Abbreviated third round layoffs took place at Cellulant, one of Africa’s most established fintech startups, in December 2023, culminating in the abrupt resignation of CEO Akshay Grover in January. The exact number of affected employees is uncertain. During the same period, at least four other high-ranking executives parted ways with the company.
The dismissals and departures were confirmed by Cellulant, which referred to the “implementation of strategic initiatives” as the cause.
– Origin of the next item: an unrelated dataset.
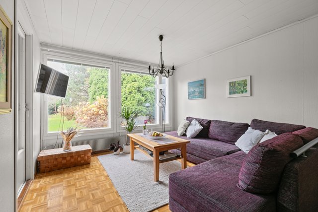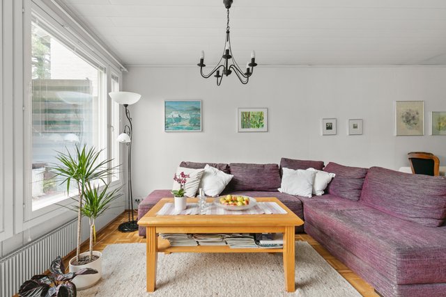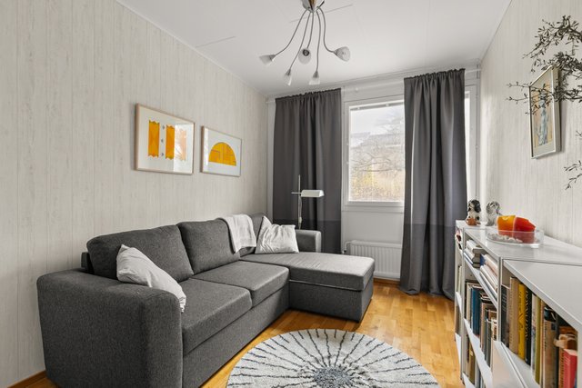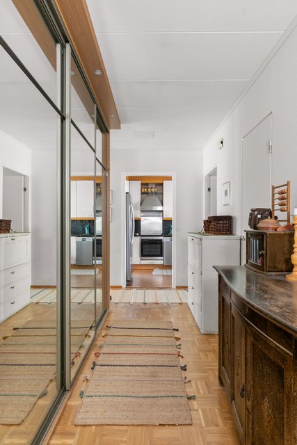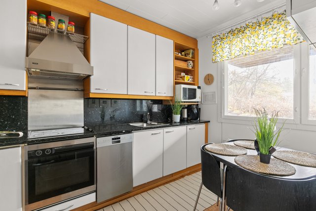 Asunnossa on kolme makuuhuonetta, joista yksi toimii tällä hetkellä kirjastona ja työhuoneena. Olohuoneen suuret ikkunat tuovat runsaasti luonnonvaloa sisään ja tarjoavat näkymät kauniille takapihalle. Olohuoneeseen mahtuu isokin ruokailuryhmä. Keittiössä on paljon kaappitilaa ja työtasot Ylämaan labradoriittia. Kylpyhuone on uusittu vuonna 2014, ja siellä on lattialämmitys. Säilytystilaa on runsaasti. Sisäänkäynnin yhteydessä on myös ulkovarasto.

They also mentioned the upcoming appointment of new leadership in a separate statement. Grover, who ascended to the CEO role in 2021 after joining as CFO, was particularly selected to steer Cellulant through its fourth financing round.
However, the company’s attempts to secure $100 million in Series D funding for merchant acquisition, customer expansion, and streamlined payment services proved unsuccessful. Cellulant announced in an email, indicating that it is engaged in discussions with potential investors but has no plans to raise funds in 2024.
Between 2014 and 2018, fintech firm Cellulant raised $54.5 million through three funding rounds, with notable investors including The Rise Fund and Velocity Capital. However, when unable to procure further financing, the company began a restructuring process in 2023.
At the beginning of that year, Cellulant laid off 27 employees. By August, it had cut its workforce by a further 20% in a second wave of layoffs, intending to progress towards a “leaner product-focused strategy.”
The operational adjustments appeared primarily focused on cost reduction throughout 2023, and one former worker cited a lack of explicit growth objectives despite substantial spending.
Nevertheless, Cellulant explained the alterations as part of efforts to boost operational efficiency and achieve ambitious growth goals. Furthermore, in August, it adopted a product-led structure and reorganized its operations into three main business units—banking, collections, and payouts—by December.